Every line of the listing must be reproduced as it stands. Leave the images behind.
::: TASK MATERIAL :::
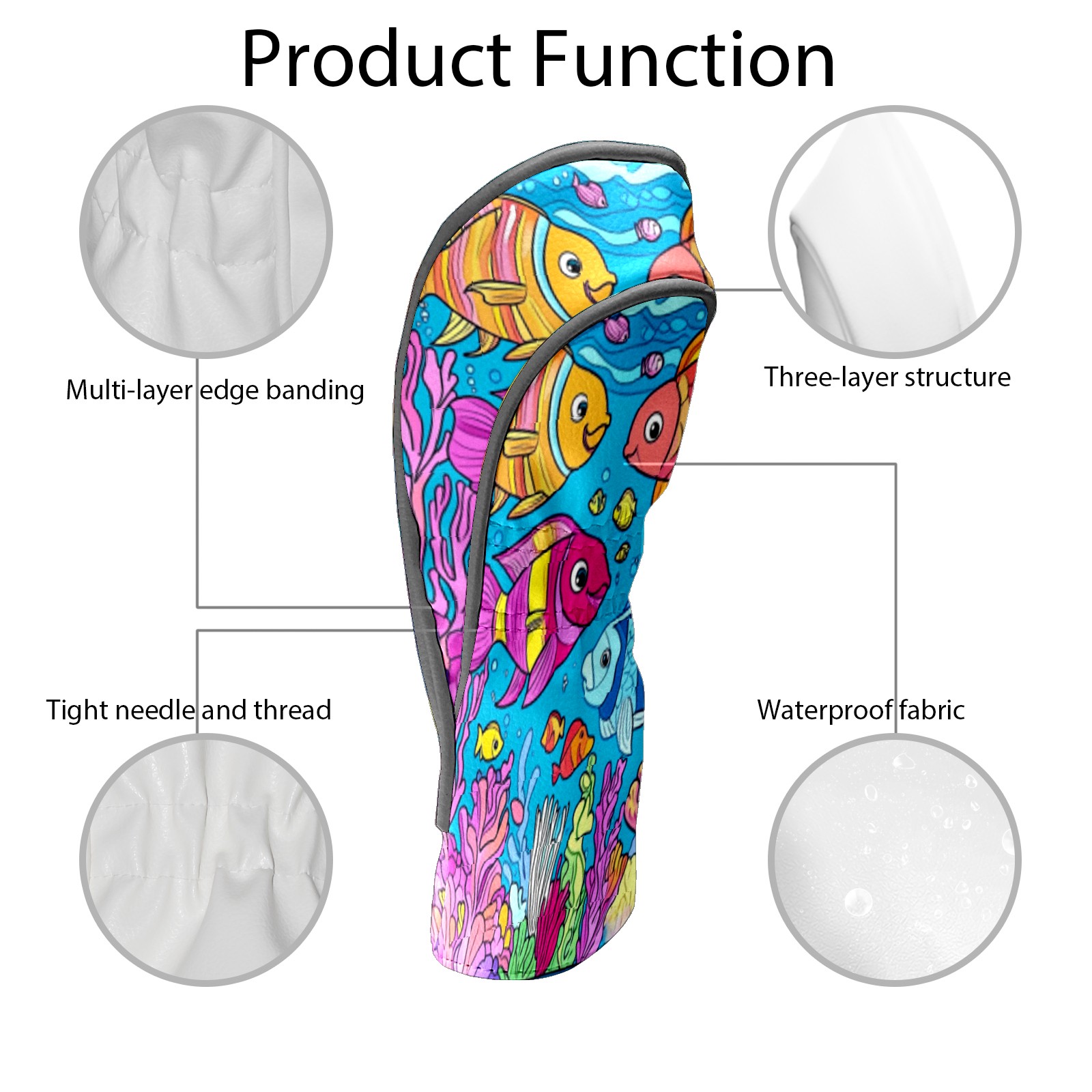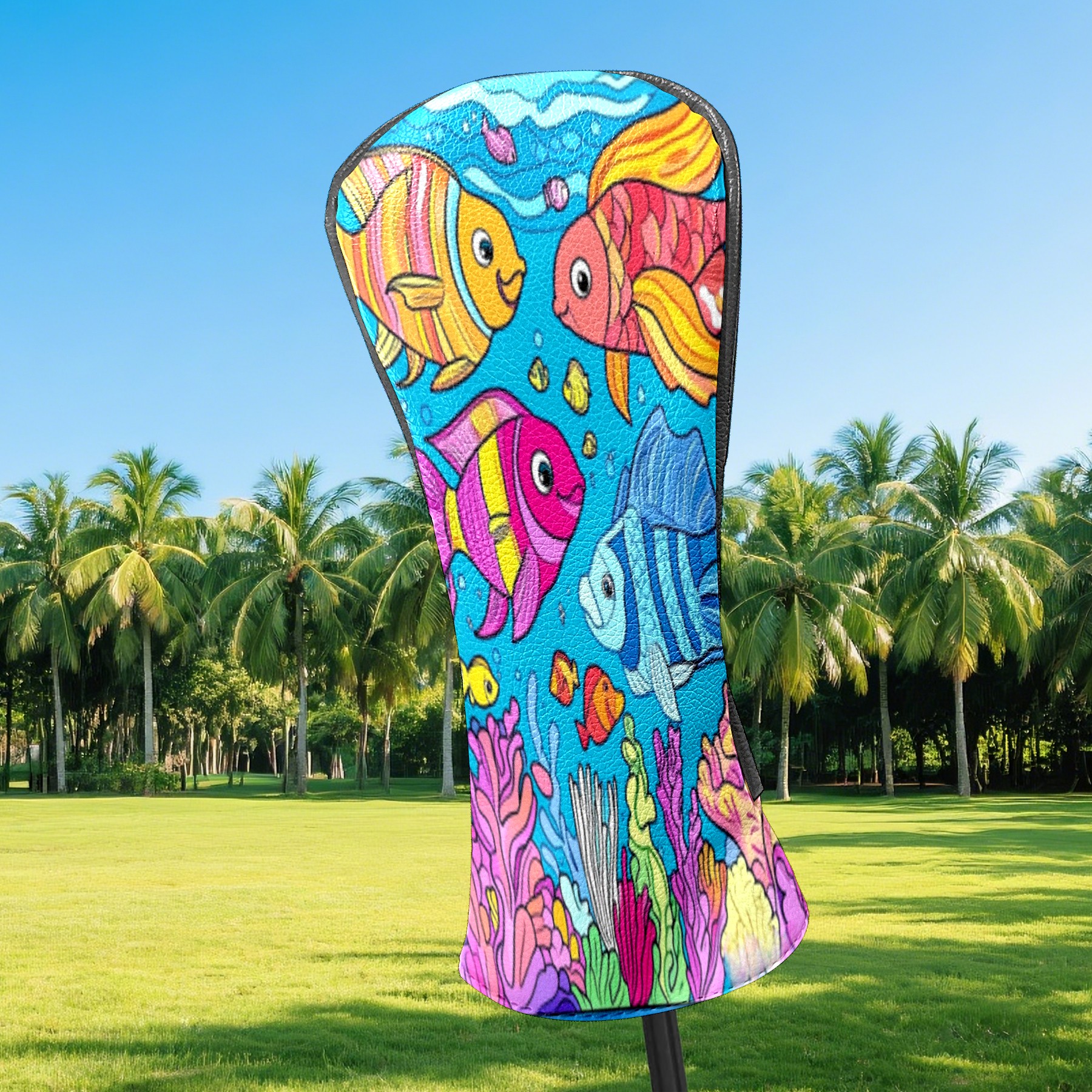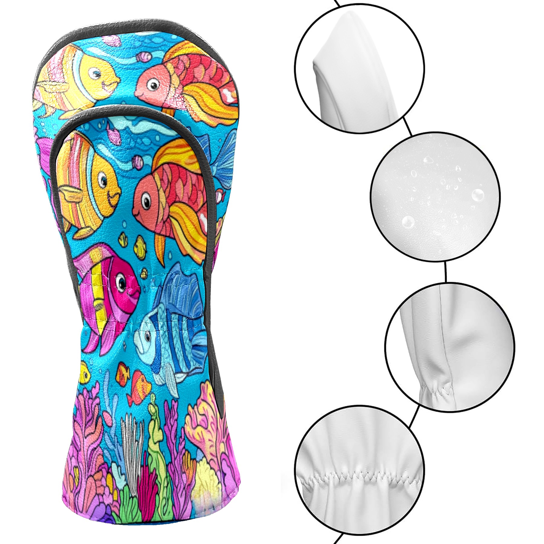 Golf Club Head Cover Waterproof Leather Golf Club Cover Driver Headcover for Women Men Colorful Fish
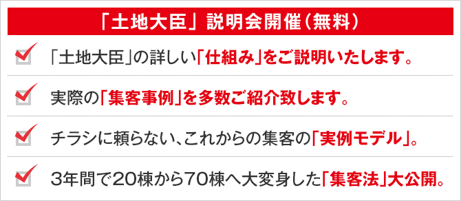 今回、全国各地で「土地大臣」の説明会を開催することにしました。というのも「土地大臣」の集客方法がITとWEBを活用した方法であるため、50代以上の経営者の場合、お電話では内容を説明しきれないと判ったからです(そのため電話で仕組み等をご説明致するのを一切やめました)。
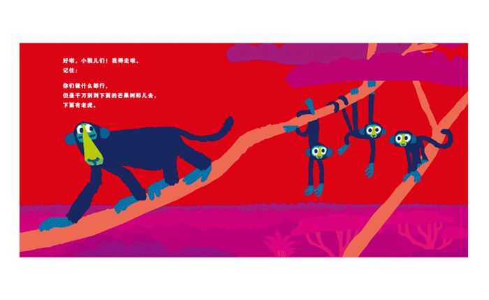 一天,大猴子要外出,她叮嘱三只小猴子:“一定不要爬下树,不要靠近那棵芒果树哟!那里有老虎。” 等她离开后,三只小猴子抑制不住自己的好奇心,开始往下爬,伸手够到了一个芒果吃,等吃到芒果,三只小猴子又商量着:“太好吃了,要是能再摘一个就好了。”他们继续往下爬,终于,坐到了芒果堆里,尽情吃芒果。突然,异样的声音传来,是老虎,快跑!三只猴子终能逃脱老虎的追赶吗?接下来它们还会有怎样的历险?
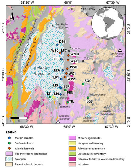 Figure 1. Map of the Salar de Atacama basin from References [36,37,38], showing the major rock units and the sample locations.
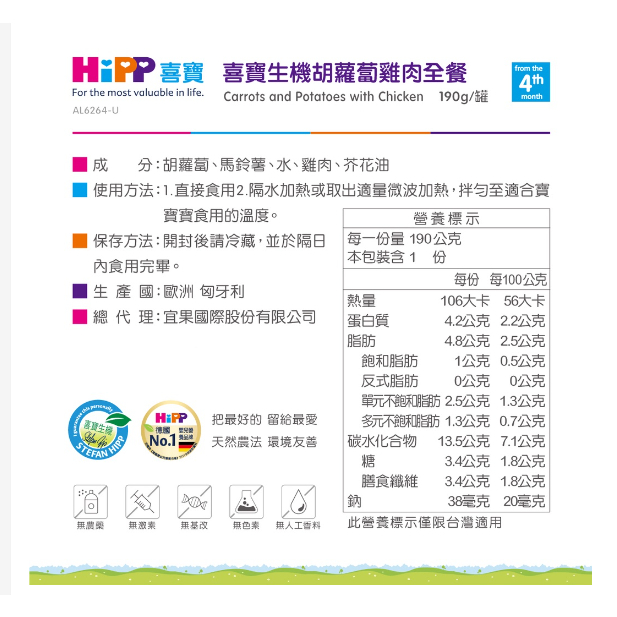 HiPP 喜寶生機胡蘿蔔雞肉全餐 12214
:::
**WRITTEN ANSWER**:
 Golf Club Head Cover Waterproof Leather Golf Club Cover Driver Headcover for Women Men Colorful Fish
 今回、全国各地で「土地大臣」の説明会を開催することにしました。というのも「土地大臣」の集客方法がITとWEBを活用した方法であるため、50代以上の経営者の場合、お電話では内容を説明しきれないと判ったからです(そのため電話で仕組み等をご説明致するのを一切やめました)。
 一天,大猴子要外出,她叮嘱三只小猴子:“一定不要爬下树,不要靠近那棵芒果树哟!那里有老虎。” 等她离开后,三只小猴子抑制不住自己的好奇心,开始往下爬,伸手够到了一个芒果吃,等吃到芒果,三只小猴子又商量着:“太好吃了,要是能再摘一个就好了。”他们继续往下爬,终于,坐到了芒果堆里,尽情吃芒果。突然,异样的声音传来,是老虎,快跑!三只猴子终能逃脱老虎的追赶吗?接下来它们还会有怎样的历险?
 Figure 1. Map of the Salar de Atacama basin from References [36,37,38], showing the major rock units and the sample locations.
 HiPP 喜寶生機胡蘿蔔雞肉全餐 12214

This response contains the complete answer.